## Directions
From the listing below, please restate exactly the lines beginning at the one with "- Sospensione metallo" and ending at the one with "Flash mob della", both included, and skip the pictures.

(Source material Opens)

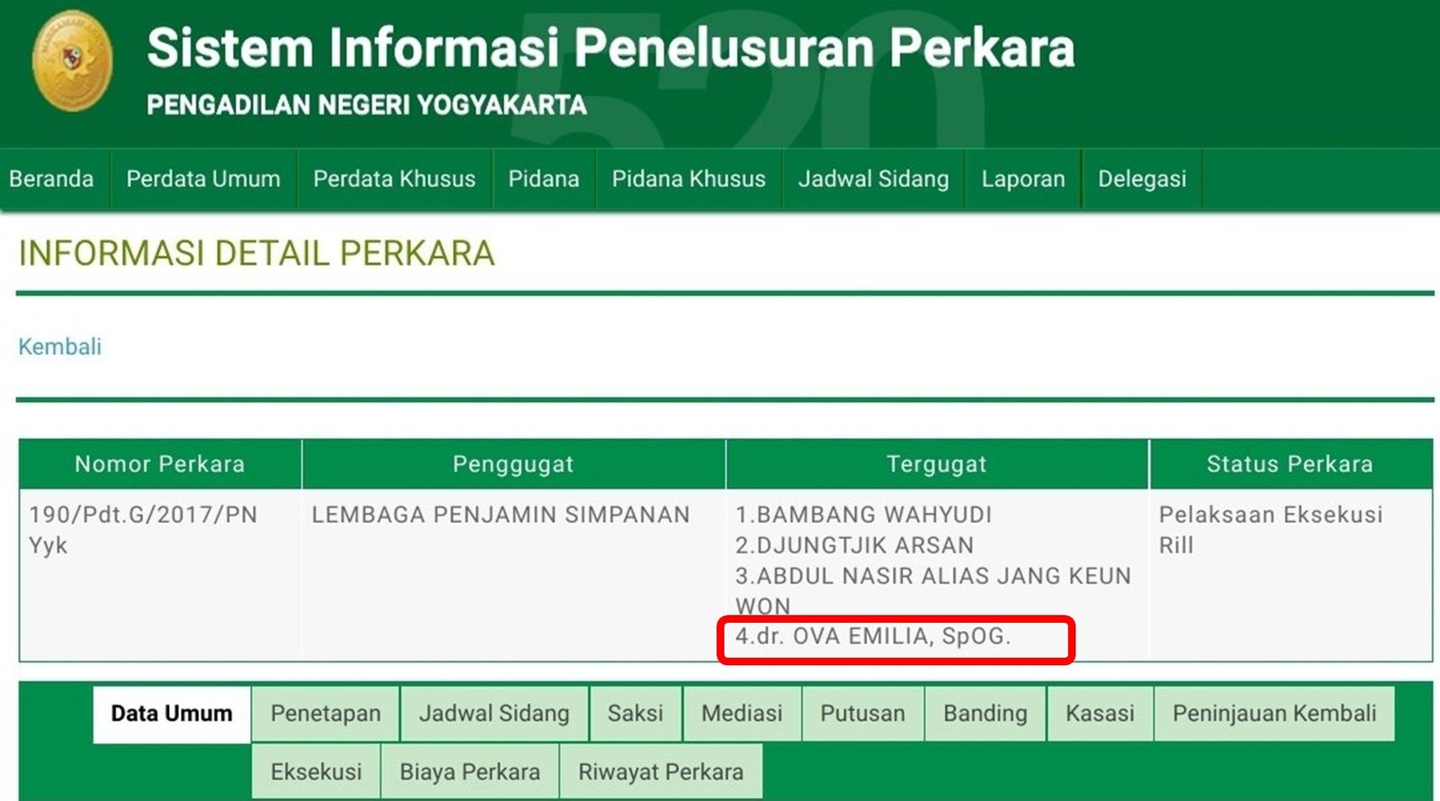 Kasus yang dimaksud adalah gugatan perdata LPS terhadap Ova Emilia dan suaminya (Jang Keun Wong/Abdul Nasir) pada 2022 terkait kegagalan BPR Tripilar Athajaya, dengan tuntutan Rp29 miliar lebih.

(Source material Closes)
(Source material Opens)

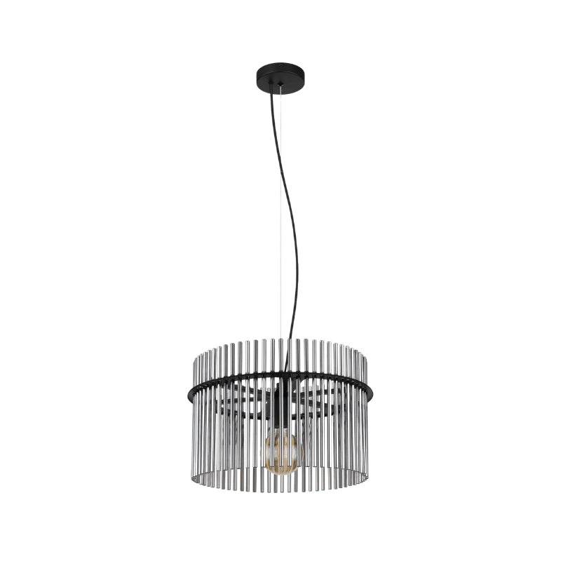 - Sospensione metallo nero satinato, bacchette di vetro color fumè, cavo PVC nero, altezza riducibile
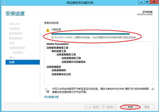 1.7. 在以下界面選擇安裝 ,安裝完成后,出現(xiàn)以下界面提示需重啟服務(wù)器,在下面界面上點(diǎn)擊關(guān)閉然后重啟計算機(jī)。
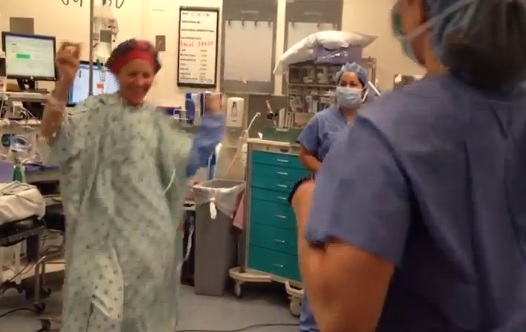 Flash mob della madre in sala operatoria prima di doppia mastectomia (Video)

(Source material Closes)

## Result
 - Sospensione metallo nero satinato, bacchette di vetro color fumè, cavo PVC nero, altezza riducibile
 1.7. 在以下界面選擇安裝 ,安裝完成后,出現(xiàn)以下界面提示需重啟服務(wù)器,在下面界面上點(diǎn)擊關(guān)閉然后重啟計算機(jī)。
 Flash mob della madre in sala operatoria prima di doppia mastectomia (Video)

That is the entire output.